The angels keep their ancient places;–
Turn but a stone, and start a wing!
‘Tis ye, ‘tis your estranged faces,
That miss the many-splendoured thing.
But (when so sad thou canst not sadder)
Cry;– and upon thy so sore loss
Shall shine the traffic of Jacob’s ladder
Pitched betwixt Heaven and Charing Cross.
Yea, in the night, my Soul, my daughter,
Cry;– clinging Heaven by the hems;
And lo, Christ walking on the water
Not of Gennesareth, but Thames!


Good advice - at least, it's working for me. I haven't seen any angels, but... well, something close. Anyway, today is the feast of St Simon and St Jude, two apostles about whom real information is hard to come by. Everyone knows St Jude, patron saint of hopeless causes (what is it about that which so attracts the imagination?), but St Simon is even more obscure than his obscure companion. The Catholic Encyclopedia entry on him notes what little information there is.

One of the less credible legends about him claims he was martyred at Caistor, in Lincolnshire. By 'less credible' I mean 'absurd'. I'm sure this is a real legend because the internet says so, but I can't find a citation which explains where it might have been recorded; however, it sounds medieval, so I'm going with that. This is what an online history of Caistor says:

"Simon Zelotes was one of the original twelve disciples of Christ. His first visit to Britain was reportedly in the year 44 A.D. during the Claudian War. Evidently his stay was short at this time and he returned to the continent.

In 60 A.D. Simon was recruited by Joseph of Arimathea in Gaul at the beginning of the Boudicean War. Simon arrived in Britain during the first year of the Boudicean War (60 A.D.) when the whole island was convulsed in a deep, burning anger against the Romans.

It is recorded that Simon was unusually bold and fearless, as his name implies. In spite of the turmoil seething through Britain during the Boudicean War, Simon openly defied the Edict of Paulinus, and the brutal Catus Decianus, to destroy anything and anyone Christian.

Simon decided to conduct his work in the eastern part of the Island. This section of Britain was the most sparsely inhabited by the native Britons and consequently more heavily populated by the Romans. He was far beyond the strong protective shield of the Silurian arms in the south and the powerful northern Yorkshire Celts. In this dangerous territory Simon Zelotes was definitely on his own...The evangelizing mission of Simon was short-lived. He was finally arrested under the orders of Catus Decianus. As usual his trial was a mockery. He was condemned to death and was crucified by the Romans at Caistor, Lincolnshire, and buried there on 10 May, 61 A.D."

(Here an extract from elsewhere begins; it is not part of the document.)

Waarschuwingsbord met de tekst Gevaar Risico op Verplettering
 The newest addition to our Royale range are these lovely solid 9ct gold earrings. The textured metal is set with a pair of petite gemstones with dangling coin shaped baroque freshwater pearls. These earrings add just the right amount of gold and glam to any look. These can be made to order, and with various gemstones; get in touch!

This is nonsense, of course, but in the light of Francis Thompson and medieval imagination, which I've written about before (and it's complete coincidence that that post also mentions Caistor, perhaps the only two occasions in my life I've given any thought to the place): anyway, in that light, I have to praise a religious mind which can conceive of apostles martyred, not in Edessa, but the Fens.